I am currently working on a geometry consisting on a set of connected beams arranged in a particular way. I need to define a normalized vector field which is parallel to the axis of each beam everywhere in the geometry. To do so I created two meshes: one for the full 3D body and a 1D mesh embedded in 3D space in which each beam is replaced by a straight line (sort of the skeleton of the structure). My idea is to use Jacobian to get the tangent in the 1D mesh and then interpolate it to the 3D mesh. However, when interpolating between the meshes, the interpolated vector field is wrong: while the original is always parallel to the 1D beams, the interpolated final field simply points at a single direction (see image):

The left figure is the correct vector field in the 1D mesh and the right figure is the incorrectly interpolated field in the 3D body mesh. Why is the vector field wrongly interpolated? Is there a better way to approach this?
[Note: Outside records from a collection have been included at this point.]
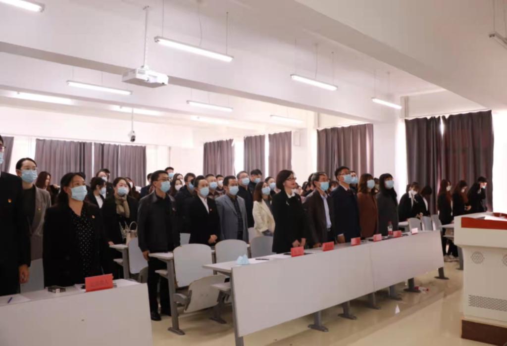 党委换届选举党员大会在艺术楼三楼阶梯教室隆重举行。校党委组织部正处级专职组织员谭君出席大会,黄金岛
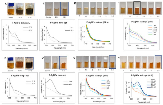 Optimization studies for P-AgNPs and E-AgNPs production. For P-AgNPs, visible picture and UV-Vis spectrum (A) temperature optimization, (C) time optimization, and (E,F) silver salt optimization at 24 h and 48 h. For E-AgNPs, visible picture and UV-Vis spectrum (B) temperature optimization, (D) time optimization, and (G,H) silver salt optimization at 24 h and 48 h.
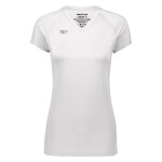 * 84% polyester/16% spandex knit with color secure(r) technology that helps prevent dye migration * 90% polyester/10% spandex wicking mesh underarm and sleeve inserts with color secure(r) technology that helps prevent dye migration * 4-Way stretch properties allow for increased mobility * Wicks moisture * Ladies' fit * Tag-free label * High 5 logo on right chest * V-neck collar * Strategically placed seams for maximum mobility and comfort * Raglan sleeves * Designed to conform to NFHS specifications for a solid jersey
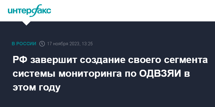 РФ завершит создание своего сегмента системы мониторинга по ОДВЗЯИ в этом году
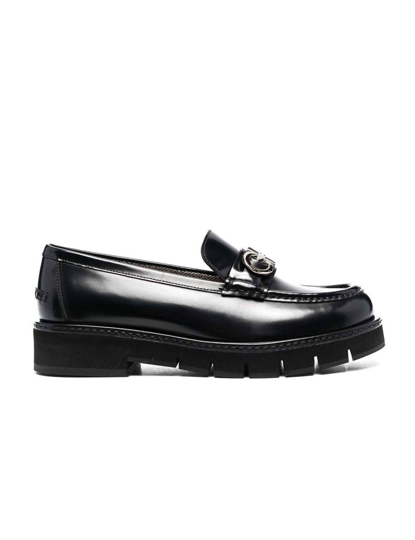 jet black calf leather slip-on style Gancini plaque round toe branded insole flat rubber sole

The dolfinx code (run in dolfinx_nightly through the docker image) is:

import dolfinx
import numpy as np
import ufl
from mpi4py import MPI
from basix.ufl import quadrature_element, element


mesh_name = 'pMM2x'

#Import Meshes from xdmf file 
with dolfinx.io.XDMFFile(MPI.COMM_WORLD, mesh_name+".xdmf", 'r') as xdmf_infile:
    body = xdmf_infile.read_mesh(name = 'Grid')
    
with dolfinx.io.XDMFFile(MPI.COMM_WORLD, mesh_name+"_skeleton.xdmf", 'r') as xdmf_infile:
    skeleton = xdmf_infile.read_mesh(name = 'Grid')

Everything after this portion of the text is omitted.